Without her saying a word, the figurines in the sand reveal what this 45-year-old married woman feels at the moment: stuck, angry, frustrated.
At the end of this hour, she has shifted. “It was a body energetic,” she recalls later. “It felt like a long blocked energy that was being released. There was no judgment, no interpretation. It was just cathartic, at a very deep place. It was like a breakthrough.”
This is a typical session of Sandplay therapy, a type of therapy based on Jungian psychology and influenced by Buddhist principles. Developed in the 1950s, by a Swiss woman named Dora Kalff, who was deeply influenced by Tibetan and Zen Buddhism, this form of therapy is touching the lives of hundreds of thousands of therapists and clients worldwide. By using toy figurines to tap the unconscious, create personal images, and release the dream state, Sandplay therapy is an example of how Buddhism may be applied in modern psychological contexts, to bring more compassion and healing to people’s lives.

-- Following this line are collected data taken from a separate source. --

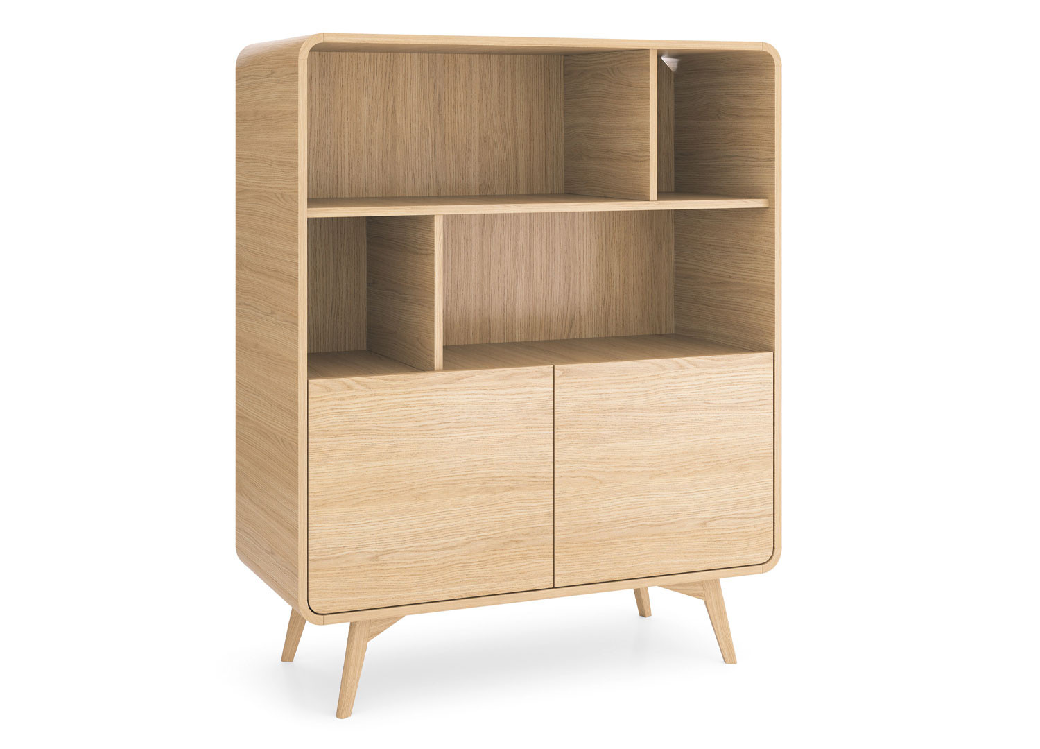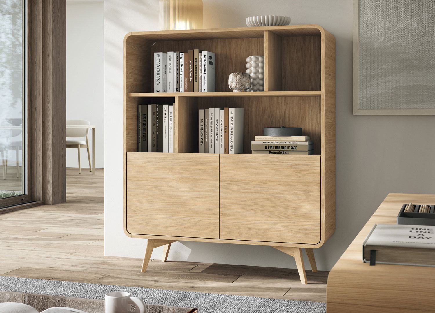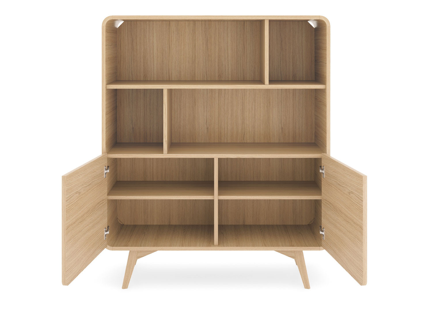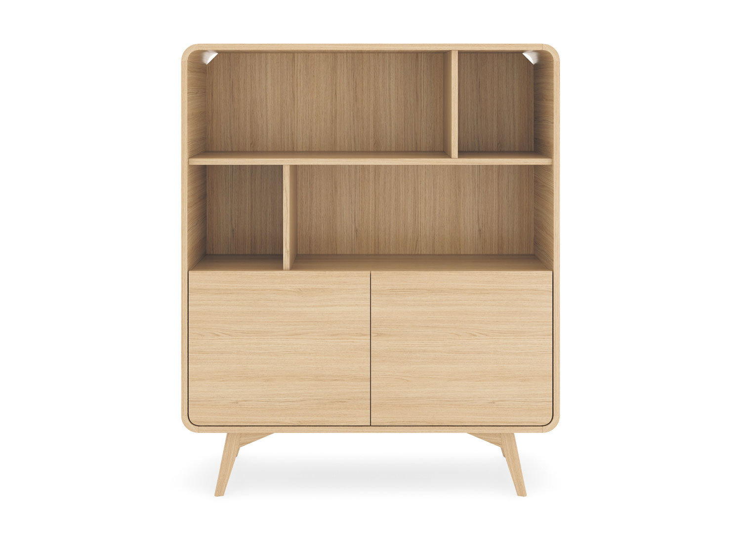 La bibliothèque Helion de couleur chêne clair mêle quatre niches ouvertes à un espace fermé par deux portes, offrant ainsi une belle flexibilité d’usage : on peut exposer livres, objets décoratifs ou œuvres, tout en dissimulant ce que l’on souhaite garder à l’abri du regard.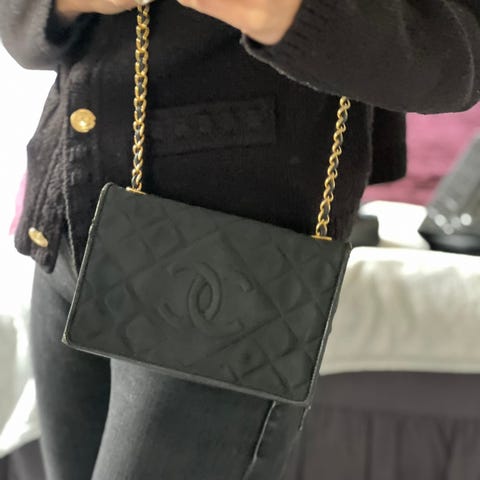 Denne vesken er fra 1990-1991 basert på serienummer da de enda brukte ekte gull på hardware. Vesken er laget i det klassiske quilted lammeskinnet som Chanel er kjent for.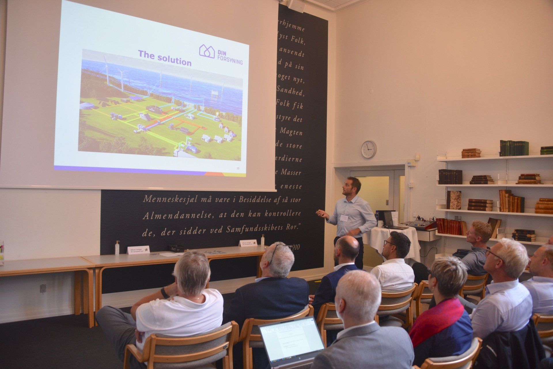 Inden netværksmødet sluttede med en round table diskussion, fik salen en præsentation fra Henrik Blicher fra det lokale Din Forsyning, der dækker både Varde og Esbjerg. Selskabet arbejder i sin nye varmeplan med spændende ambitioner om bl.a. at tilbyde et kølesystem til datacentre, hvor varmen udnyttes til fjernvarme eller alternativt bortkøles med havvand.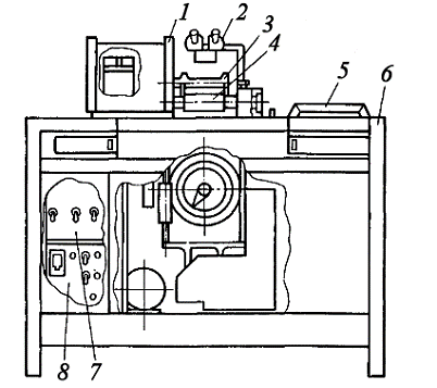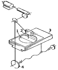 - столик з пластиною; 2 - пластина; 3 - стіл; 4 - алмазний різець

Ultimately, sandplay therapy shows people a way to look within their own minds, says Dr Martin Kalff, founding and board member of the International Society for Sandplay Therapists, and son of Sandplay founder, Dora Kalff. “One major idea in the Zen meditation is not to look outwards, but to look directly into one's own mind. Sandplay encourages just that, because the client has to create the scenes spontaneously, from what emerges from inside, and does not look outside for inspiration.